Work to complete:
Report how many lines below contain the word "With", giving the number and no other words.

Records provided:
┄┄┄┄┄┄┄┄┄┄
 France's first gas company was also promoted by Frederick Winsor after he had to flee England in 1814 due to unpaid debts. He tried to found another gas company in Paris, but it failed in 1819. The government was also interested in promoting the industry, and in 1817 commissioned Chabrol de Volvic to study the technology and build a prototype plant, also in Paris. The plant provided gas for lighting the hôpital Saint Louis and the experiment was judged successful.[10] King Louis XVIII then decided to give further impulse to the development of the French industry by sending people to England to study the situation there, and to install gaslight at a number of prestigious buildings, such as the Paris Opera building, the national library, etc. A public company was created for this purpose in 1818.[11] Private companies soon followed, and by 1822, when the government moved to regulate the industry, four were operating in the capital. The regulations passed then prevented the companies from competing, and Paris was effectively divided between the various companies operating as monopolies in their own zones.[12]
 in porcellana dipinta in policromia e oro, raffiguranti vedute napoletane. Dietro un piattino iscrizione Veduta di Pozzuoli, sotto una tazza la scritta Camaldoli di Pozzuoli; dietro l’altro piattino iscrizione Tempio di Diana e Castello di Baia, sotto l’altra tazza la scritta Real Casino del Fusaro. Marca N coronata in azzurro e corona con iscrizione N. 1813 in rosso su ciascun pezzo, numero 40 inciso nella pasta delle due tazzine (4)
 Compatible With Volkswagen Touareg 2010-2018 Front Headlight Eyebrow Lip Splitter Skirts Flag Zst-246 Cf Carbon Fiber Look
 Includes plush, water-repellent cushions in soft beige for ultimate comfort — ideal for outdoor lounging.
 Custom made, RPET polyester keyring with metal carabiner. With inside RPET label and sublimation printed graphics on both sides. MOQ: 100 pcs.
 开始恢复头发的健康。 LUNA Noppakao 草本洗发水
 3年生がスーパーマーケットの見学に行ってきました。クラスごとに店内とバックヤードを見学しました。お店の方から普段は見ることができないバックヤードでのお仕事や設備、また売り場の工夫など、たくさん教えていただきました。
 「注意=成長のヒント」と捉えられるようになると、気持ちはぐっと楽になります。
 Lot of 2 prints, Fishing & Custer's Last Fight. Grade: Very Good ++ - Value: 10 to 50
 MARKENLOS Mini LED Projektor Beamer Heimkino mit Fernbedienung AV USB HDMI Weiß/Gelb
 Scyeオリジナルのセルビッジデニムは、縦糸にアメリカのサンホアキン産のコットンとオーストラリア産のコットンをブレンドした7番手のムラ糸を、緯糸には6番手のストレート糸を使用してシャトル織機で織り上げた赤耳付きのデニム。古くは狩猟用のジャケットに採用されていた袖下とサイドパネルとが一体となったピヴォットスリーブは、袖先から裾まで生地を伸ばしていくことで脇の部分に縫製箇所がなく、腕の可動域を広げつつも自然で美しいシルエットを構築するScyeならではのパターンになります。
┄┄┄┄┄┄┄┄┄┄
Exercise response:
2